I have stated this before somewhere in one of my blogs that you really need to be thankful for what you have…too often I see and hear so many complaints about such petty things in life or even things that with hard work and determination can be changed…..I (and MANY others just like me) are facing a battle that we can never ever change no matter how hard we want, pray and plead….this is as good as it gets for us.  I’m certainly thankful for my friends and family that love me and I KNOW that it could also be worse for me… But what I do recognize is the importance of the true things in life. It’s way too easy to get caught up in yourself and small issues in life and lose sight of the bigger picture, I’ve certainly been there too.   Jess hated drama and she hated sweating the small things in life. She lived for having fun and loving her friends and family.

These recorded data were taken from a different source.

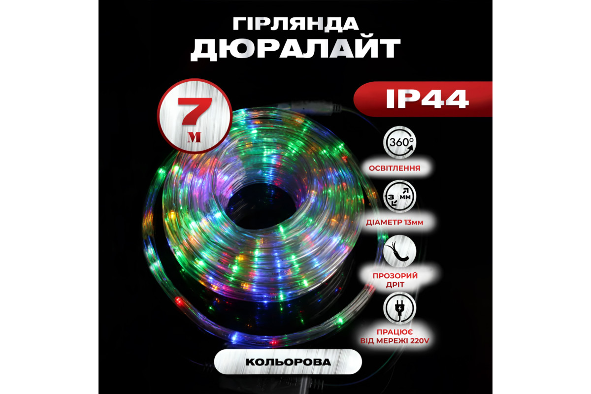 Мрієте про затишну та елегантну атмосферу у вашому домі, саду чи на терасі? Гірлянда Дюралайт – це саме те, що потрібно! Її 7 метрів сяйва з 240 кольорових світлодіодів перетворять будь-який простір на казкову феєрію. Гірлянда Дюралайт - це універсальний елемент декору. Її можна використовувати як на вулиці, так і в приміщенні. Вона чудово підійде для декорування фасадів будинків, дерев, кущів, терас, альтанок, а також веранд, кафе та ресторанів. Морозостійкі матеріали, з яких виготовлена гірлянда, дозволяють використовувати її навіть взимку.
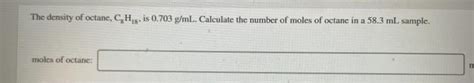 Octane Density G Ml. With the same mass, the volume of objects that have a high density will be smaller than objects with a smaller type of mass. Web density of octane, liquid g ml = 0.7 g/ml density of octane, liquid g mm3 = 0.0007 g/mm³ density of octane, liquid kg m3 = 698.62 kg/m³ density of octane, liquid lb in3 = 0.025.
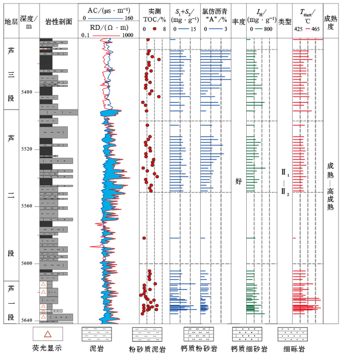 图 3 阜康凹陷东部阜49井芦草沟组地球化学剖面 Fig. 3 Geochemical section of Lucaogou Formation in Well Fu 49 in the eastern Fukang Sag |
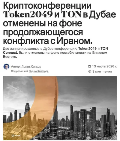 🤷♀️ Криптофест Token2049 отменили из-за ударов по Дубаю На фоне обострения конфликта в Иране и прилетов по странам Ближнего Востока одна из главных крипто-конференций в этом году отменена в ОАЭ. О
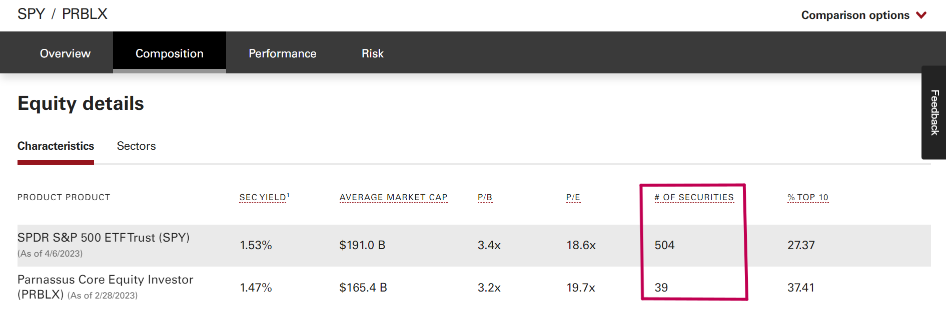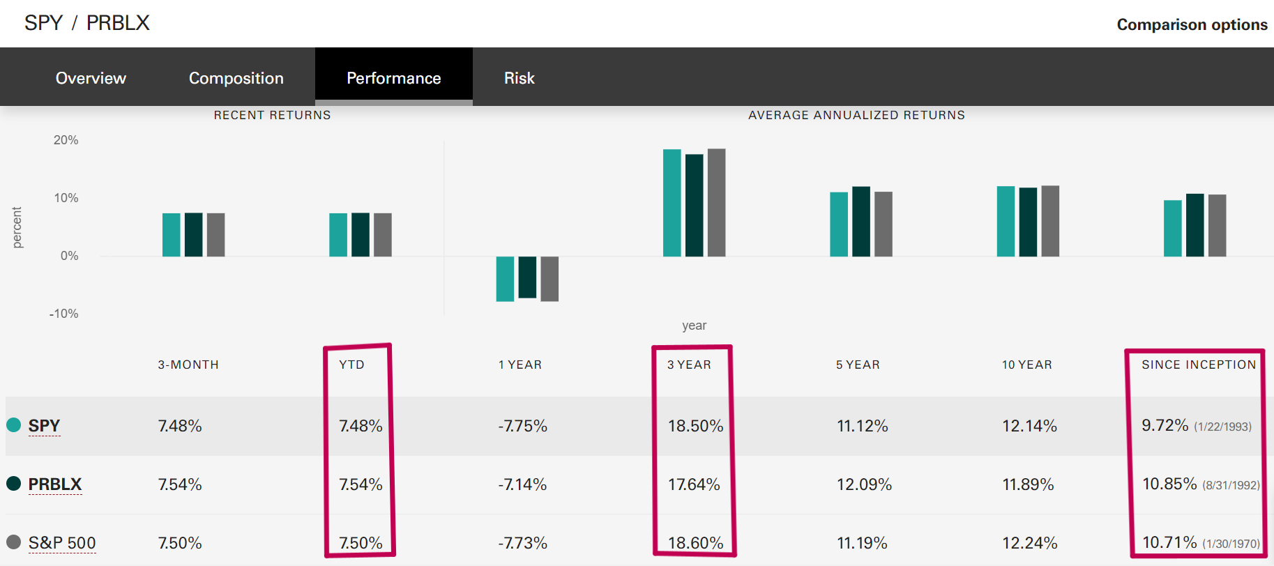 Lastly, let's hone in on one of the most pertinent pieces of information, the past performance record of each investment. The comparison tool will automatically generate a comparison between the S&P500 (listed at the bottom), which tells us that PRBLX outperformed SPY on some occasions.

Saturday, January 22, 2011

5 Months

5 months ago today I lost a chunk of my heart that will never heal or be replaced. I simply can’t believe that when I wake each morning that you will not be there.  I can still hear your laugh and see your smile and I’m terrified for the day when your voice fades from my memory. Grieving and healing are an odd pair.
For any sister (or brother) who has lost a sibIing I can only imagine that you feel the same as me…..when does it start feeling real?  I know she is gone but there are times when it simply feels unreal…too heavy, too incomprehensible, too  tragic for me.
There are so many exhausting tasks to be had after someone dies….things that in a million years I NEVER imagined myself doing. Receiving the autopsy report for Jessica was bone crushing painful but I did something yesterday that was just as painful if not more……I picked up Jessica’s death certificate. I held that in my hand and cried like a baby…Just like a birth certificate with its place of birth, time of birth, parents names…..the death certificate is eerily similar yet so different.
To see on a piece of paper that my sister's place of death was a “roadway” and that her cause of death was Multiple Body Trauma due to a Motor Vehicle Crash (passenger-belted)….wow the details. There was more that I will spare you the details of…but can you imagine as a sibling holding that piece of paper in your hands and trying to comprehend it and then trying to go about and live your life and raise your sister's children and go to your job and well, just simply function?

Saturday, January 1, 2011

Happy New Year!!!

The start of a brand new year is typically shared in with celebrations, hopes, dreams, resolutions and goals for the upcoming year ahead. Mine as you can well imagine, was brought in with an enormous mound of grief and sadness. I thought a lot about the years past and even some of the great memories of 2010. However, my mind quickly zoomed to August 22nd…..the day my world stopped turning.  I have this continual knot in my stomach and lump in my throat, and I wish, that I could turn back time…if only for a moment.
My heart is heavy tonight for everyone that is missing Jessica. I am angry that my sister's kids have lost their mother and angry that to our earthly minds, none of this makes sense. I am trying to find the good and the purpose in this loss.
I thought a lot today about when people make new years resolutions and how silly they are because 9 times out of 10 you set unrealistic goals.  I have set ONE goal for my life and that is TO MAKE IT COUNT. We get one shot on this earth and as we have seen,  life is gone in moment and often times without warning. Make yours count! I want what I do every day to make a difference in either my own life, the lives of my future children or the lives of others. I’m going to make it count for my sister.